▸ **Task details**
Quote the data exactly, first line to the line containing "为帮助同学们尽快适应大学节奏", with no pictures.

Dataset excerpts:
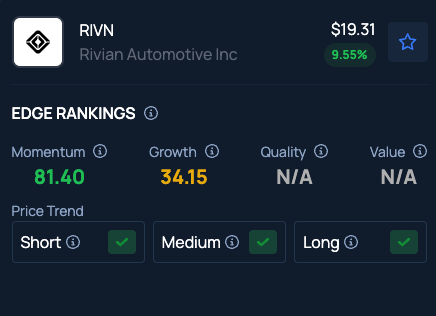 Benzinga Edge Stock Rankings indicate Rivian stock has a Momentum in the 81st percentile. Here is how it ranks against other electric vehicle manufacturers like Tesla.
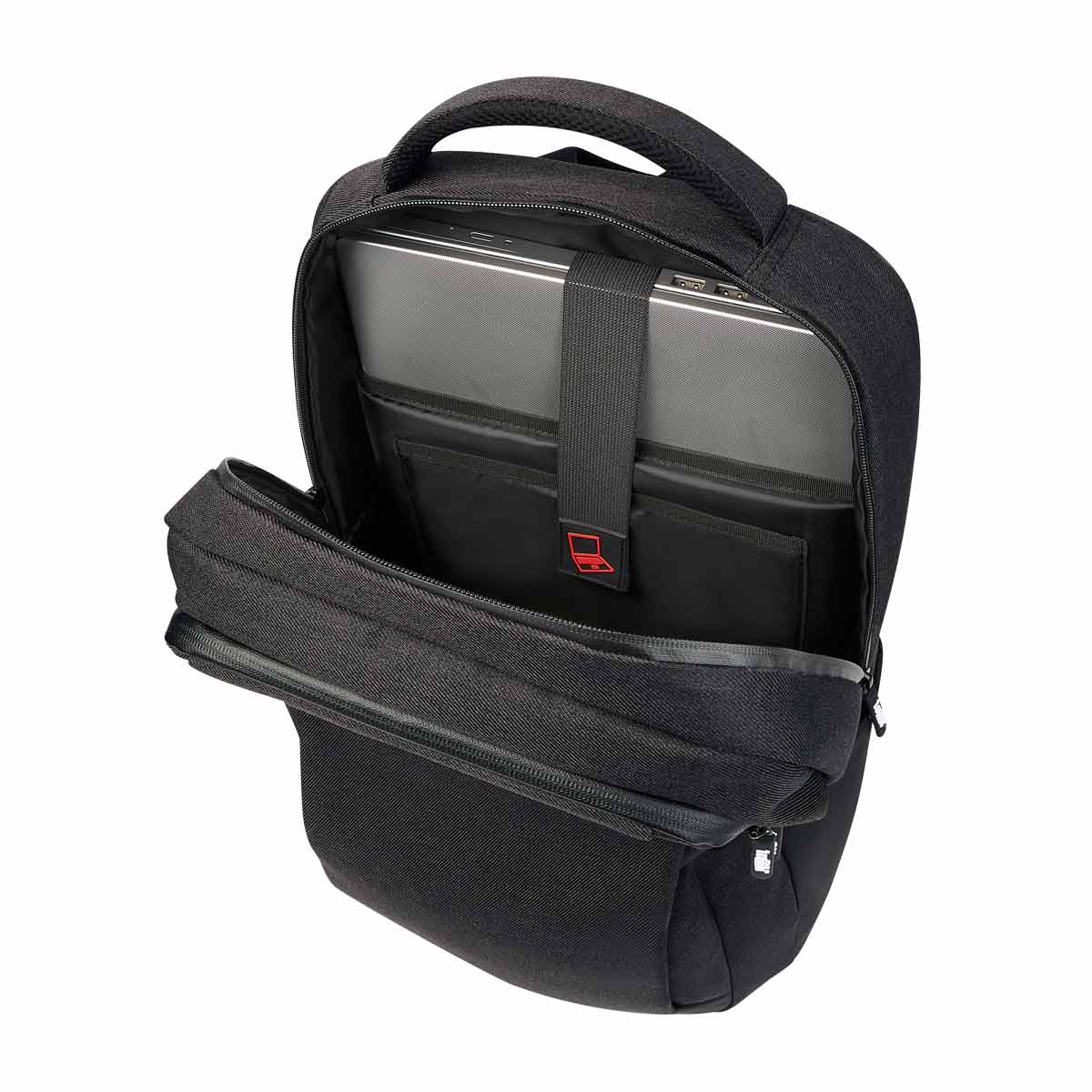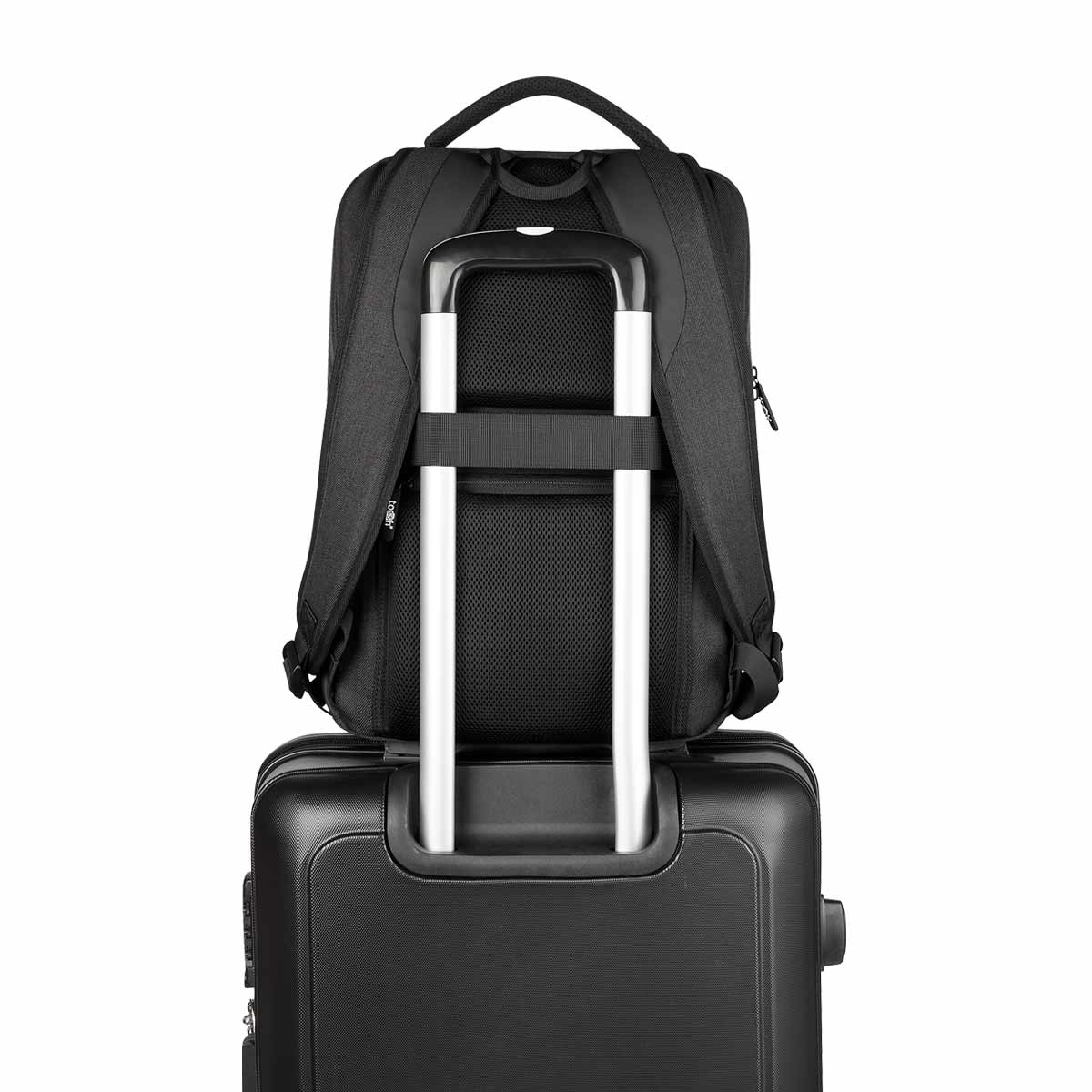 Bolsa principal con espacio para laptop de 14" y tablet. Compartimento con organizador. Bolsa frontal con cierre. 2 Bolsas laterales. Aditamento especial trasero para poner en trolley. Compartimento con cierre oculto en la parte posterior. Respaldo y tirantes acojinados.
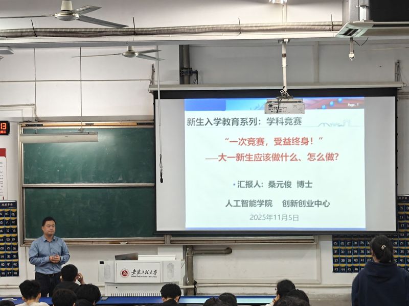 为帮助同学们尽快适应大学节奏、明确发展方向,10月29日、11月5日晚,番茄小说 先后在6J214教室举办两场“一次竞赛,受益终身!”学科竞赛宣讲活动,学院创新创业中心主任桑元俊担任主讲,2025级全体同学参加。
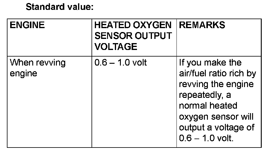 NOTE: If the sufficiently high temperature [of approximate 400 °C (752 °F) or more] is not reached although the heated oxygen sensor is normal, the output voltage would be possibly low although the rich air/fuel ratio. Therefore, if the output voltage is low, use jumper wires to connect the terminal No. 2 and the terminal No. 1 of the heated oxygen sensor with a (+) terminal and (-) terminal of 8 volts power supply respectively, then check again.
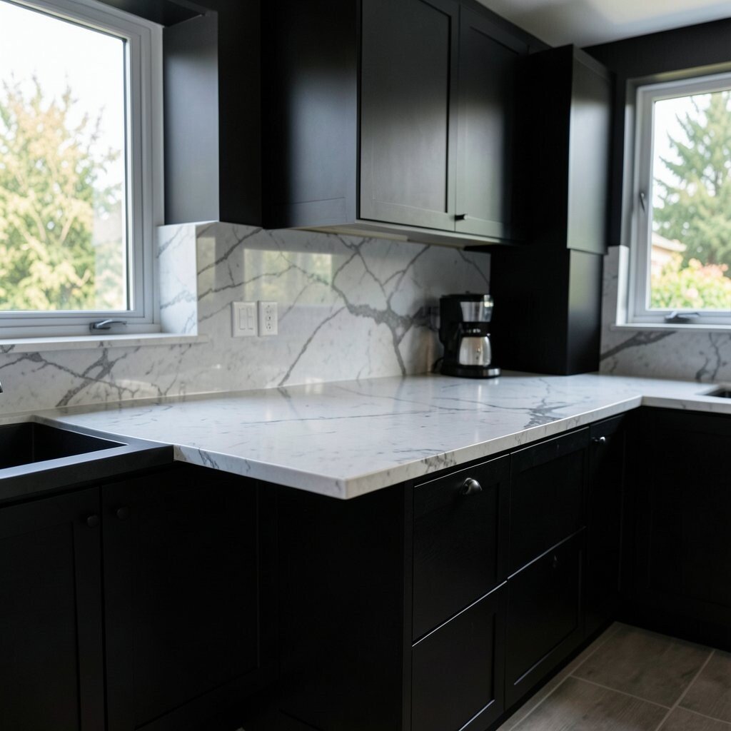 If you want something unique, consider a textured black marble countertop. The subtle texture adds an interesting layer that catches the eye.
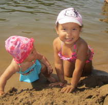 Двоюродные сестрички на пляже.

▸ **The answer**
 Benzinga Edge Stock Rankings indicate Rivian stock has a Momentum in the 81st percentile. Here is how it ranks against other electric vehicle manufacturers like Tesla.
 Bolsa principal con espacio para laptop de 14" y tablet. Compartimento con organizador. Bolsa frontal con cierre. 2 Bolsas laterales. Aditamento especial trasero para poner en trolley. Compartimento con cierre oculto en la parte posterior. Respaldo y tirantes acojinados.
 为帮助同学们尽快适应大学节奏、明确发展方向,10月29日、11月5日晚,番茄小说 先后在6J214教室举办两场“一次竞赛,受益终身!”学科竞赛宣讲活动,学院创新创业中心主任桑元俊担任主讲,2025级全体同学参加。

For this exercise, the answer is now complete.